La Cour de Navarre
Marie-Madeleine Fragonard
Fragonard, Marie-Madeleine, La Cour de Navarre, Albineana, Cahiers d’Aubigné, 2, 1990. D’Aubigné et les guerres poitevines (1586-1588) sous la direction de Marie-Madeleine Fragonard, p. 75-87.
Extrait de l’article
Celui qui aborde par la lecture des oeuvres littéraires le groupe qui entoure Henri de Navarre en ces années 1580- 1590 a d’abord une impression de cohésion, d’unité mentale. Des Méditations de Sponde à celles de Du Plessis et d’Aubigné, des poèmes de Chandieu aux lettres d’Henri IV, les mêmes métaphores rédisent un même ordre du monde. L’environnement royal ne semble pas correspondre aux accusations que les poètes portent contre les cours, si corrompues et débauchées ; il ne semble pas non plus correspondre à la réalité de la société de cour, telle que les ouvrages de Norbert Elias ou de Jean-Marie Apostolidès ont pu en montrer le fonctionnement pratique et symbolique au XVIIe siècle.

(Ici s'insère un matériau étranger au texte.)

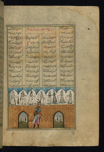 Keywords: Habib Allah ibn 'Ali ibn Husam - Bahram Gur and Portraits of the 7 Princesses - Walters W608174B - Full Page.jpg Bahram Gur is depicted on this folio from Walters manuscript W 608 with his own portrait and portraits of the 7princesses inscribed as follows Azar Suz Nasrin Nush Naz Pari Na'ma Naz Furak Daraspi and Hamay 13th century AH/AD 19th century Safavid; Qajar ink pigments laid paper cm 24 17 accession number W 608 174B 83043 Baqi Pasha date and mode of acquisition unknown ownership note fol 1a 'Ali Riza ibn Mustafá 1180 AH/AD 1766-1777 mode of acquisition unknown ownership note with seal fol 2a 'Ali Mawla 'Ali date and mode of acquisition unknown seal impression fols 153a 177a 233a 351a Sahibi umm mother of Mirza Ibrahim date and mode of acquisition unknown ownership note fol 351b Shah Vardi Ghulam Shah Mardan date and mode of acquisition unknown seal impression fol 349 Henry Walters Baltimore date and mode of acquisition unknown Walters Art Museum Henry Walters Acquired by Henry Walters place of origin Iran Walters Art Museum license 2D Khamsa of Nizami Safavid Walters MS 608 Media contributed by the Walters Art Museum needs category review Seven beauties |

C’est dans cette impression que j’avais décidé de consacrer mon attention à la cour de Navarre, afin d’y voir la construction d’un groupe cohérent. Le bilan sera pourtant aux antipodes : la cour de Navarre est un lieu tourbillonnant, qui a toutes les caractéristiques d’un objet baroque, instable dans sa composition, traversé de haines et d’ambitions, perpétuellement centrifuge. Portrait noir, qui m’est apparu à la confrontation méthodique des biographies et mémoires de ceux qu’on sait pourtant des fidèles : Sully, alors baron de Rosny, Du Plessis-Mornay, Aubigné. La cohérence réelle des oeuvres purement littéraires y prend alors un autre sens : celui d’une volonté organisatrice, triomphant du désordre.